All the participants played a game in which they sampled four slot machines. They were free to play whichever machine they thought would give the biggest payoff. What they didn’t know was that the payoffs from each machine varied unpredictably.
The neuroscientists found that the two control groups tended to make their next bet based largely on how much a slot machine had paid off on the two most recent bets.
Almost as soon as the pattern of payoffs appeared to change, the participants in the control groups dumped one slot machine and jumped to the next. Although they did take longer-term results partly into account, “the healthy subjects appeared to be extrapolating their most recent experience into the future and choosing predominantly on that basis,” says Nathaniel Daw, a neuroscience professor at NYU who helped conduct the study.
The people with damage to the frontopolar cortex, however, “based their choices primarily on the cumulative reward history, not on the changes in the most recent outcomes,” he says.
2 Responses to Jason Zweig: Why We’re Driven to Trade
Thanks Chess. My opinion? Just more of the conventional crap repackaged in psycho babble. The “investing/trading” establishment is so deeply embedded to their AUM fee model, and their “predictions without any probabilities”, that they will never change. Hopefully younger traders will learn how to trade in the proper way, and take advantage of the edges that are available in the modern efficient marketplace.

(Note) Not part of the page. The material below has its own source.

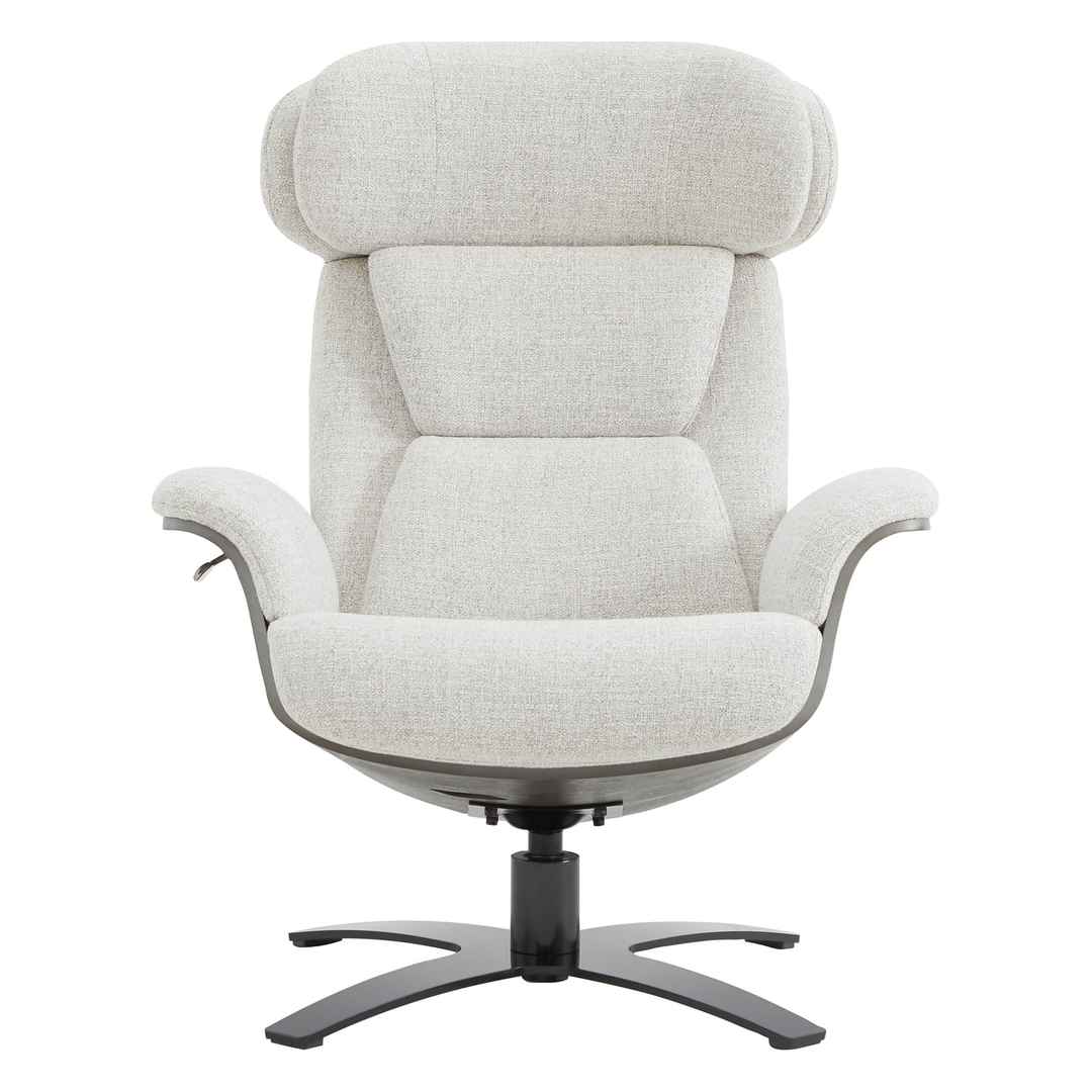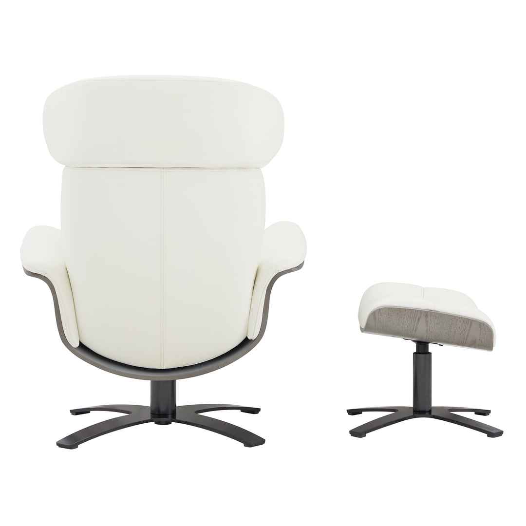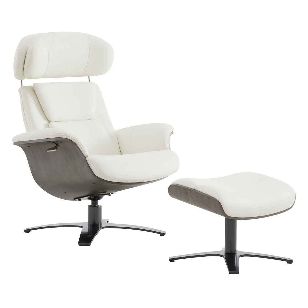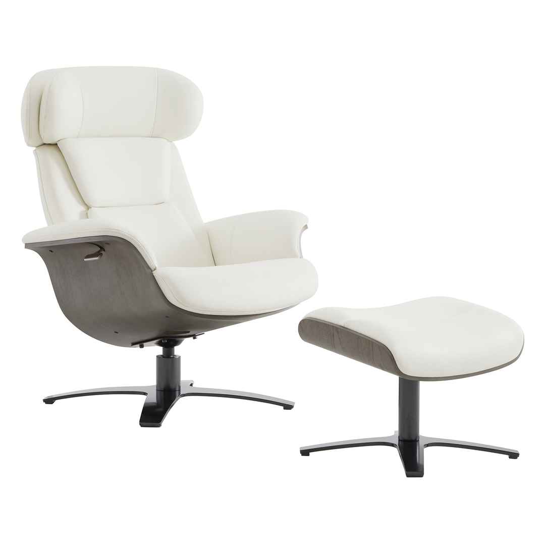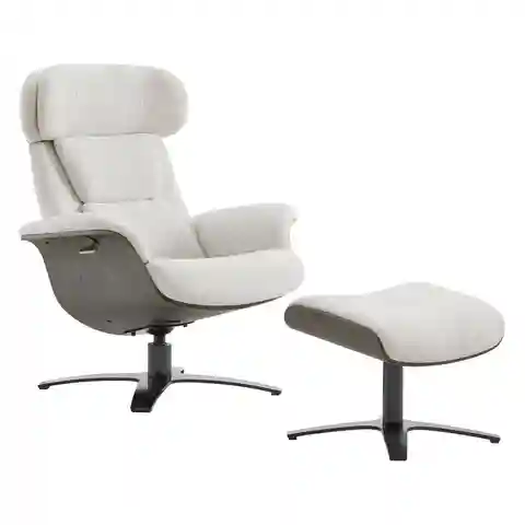 - Reclining Swivel Chair and Ottoman: This chair and ottoman set is just right for a modern office, den, or living room. A recline feature makes this chair even more comfortable when you need it. Sink into the double layered foam back cushion and relax. Finished in a contemporary neutral shad...

Lemmy Kilminster, wrote a very insightful piece that touches on this very topic back in the 80′s (if my recollection is accurate). He provided insighful information relating to the motivation of participants and concludes that the very structure of the reward system is such that participants ignore the odds and keep playing. I’m sure Chess is familiar with this very erudite work as it relates to poker, but for those who’re unfamiliar with it – look up Ace of Spades by Motorhead and crank the volume.